2007 WSU Center for Real Estate and Kansas CCIM Chapter Lifetime Achievement Award

Each year the WSU Center for Real Estate and the Kansas Chapter of Certified Commercial Investment Members (CCIM) present their annual Lifetime Achievement Award. The award honors local professionals who have made outstanding contributions to the commercial real estate profession and is a great honor and a tribute to individuals who represent the finest examples of Wichita’s rich history of entrepreneurship in the real estate industry.

2007 Honoree – George Ablah
George Ablah

By Bill Wilson, The Wichita Eagle

George Ablah, the man credited with helping drive east Wichita’s development, was honored Friday with the Kansas Certified Commercial Investment Member chapter’s third Lifetime Achievement Award.

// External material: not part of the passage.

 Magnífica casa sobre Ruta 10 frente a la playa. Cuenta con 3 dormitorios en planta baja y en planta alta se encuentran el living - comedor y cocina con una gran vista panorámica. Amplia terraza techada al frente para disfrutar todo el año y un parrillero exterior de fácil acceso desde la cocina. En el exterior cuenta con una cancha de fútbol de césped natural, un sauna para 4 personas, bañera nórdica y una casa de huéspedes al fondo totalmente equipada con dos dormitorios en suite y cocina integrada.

Ablah, 78, was presented with artwork during the chapter’s annual December banquet at Crestview Country Club. He joins Colby Sandlian and Jack Hunt as recipients of the professional group’s highest honor.

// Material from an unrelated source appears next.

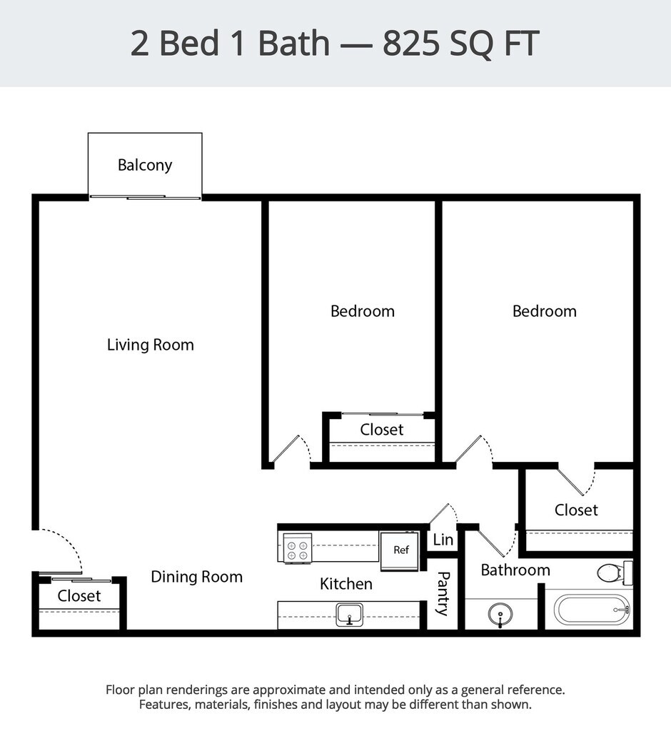 2 Beds, 1 Bath, 825 sq ftModel Gallery

Introduced by his brother, Don, as a man who’s “good at figuring out how the system works and then working the system,” much of Ablah’s speech centered on his business friendships with Fred Koch and his son, Charles.

He credited Fred Koch’s support for the first $2 million loan that jump-started his real estate career, and called Charles Koch “the second-best business partner I’ve ever had . . . next to the woman I married 50 years ago.”

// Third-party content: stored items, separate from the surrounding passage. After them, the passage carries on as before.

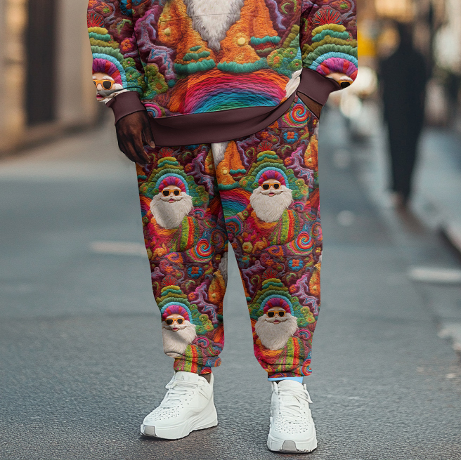 Men's Groovy Hippie Santa Embroidery Cozy Sweater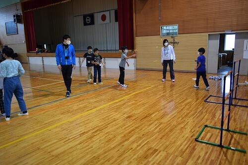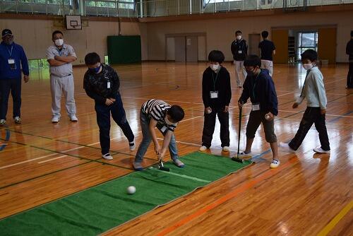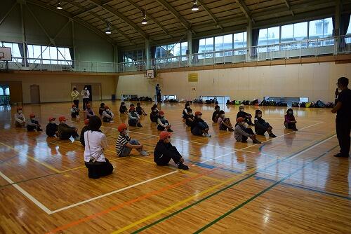 雨のため、体育館での結団式となりましたが、子ども達は元気いっぱいで活動をスタートすることができました。開会式のあと、ニュースポーツ大会を行いました。簡単そうで難しい競技にみんな大盛り上がりでした。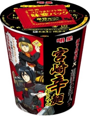 「明星 チャルメラカップ 宮崎辛麺」は、「チャルメラおじさん」が「アルミン・アルレルト」、「くろネコ」が「ミカサ・アッカーマン」になっています。

Fred Koch’s referral to his Minnesota bankers was critical, Ablah said, because a “young Lebanese guy” couldn’t gain acceptance in the Wichita business market.

“Most of the deals I did early in my career were outside Wichita (for that reason),” he said. “I had a different image in other cities and that’s why I did there what I couldn’t do here.”

Ablah talked about his deals with Charles Koch: The purchase of Chrysler Realty from Lee Iacocca and their northeast Wichita land deal that eventually facilitated the expansion of K-96.

In his book, “The Science of Success,” Koch – chairman and chief executive of Koch Industries – praises Ablah’s vision and their shared values.

When their company, ABKO, dissolved, Ablah took 2,000 acres in Comotara and a New York City office complex as part of the profits, he said.

The Comotara land quickly came into play when efforts to build a stretch of K-96 in east Wichita stalled. So Ablah and Koch, who controlled 2,000 acres that now includes his Koch Industries offices, donated about two-thirds of the land to the state, which otherwise couldn’t afford to start the project.

“I think that’s really made a significant change in Wichita, and I’m very pleased with that,” Ablah said.

Tony Utter, outgoing president of the CCIM chapter, credited the K-96 donation with “furthering a lot of real estate careers in Wichita.”

“In addition to fast travel across town, that really spurred a lot of economic development,” he said.

“I know I would have done a lot fewer deals without it.”

Mr. Ablah is the third recipient of this award, joining Colby Sandlian and the late Jack Hunt.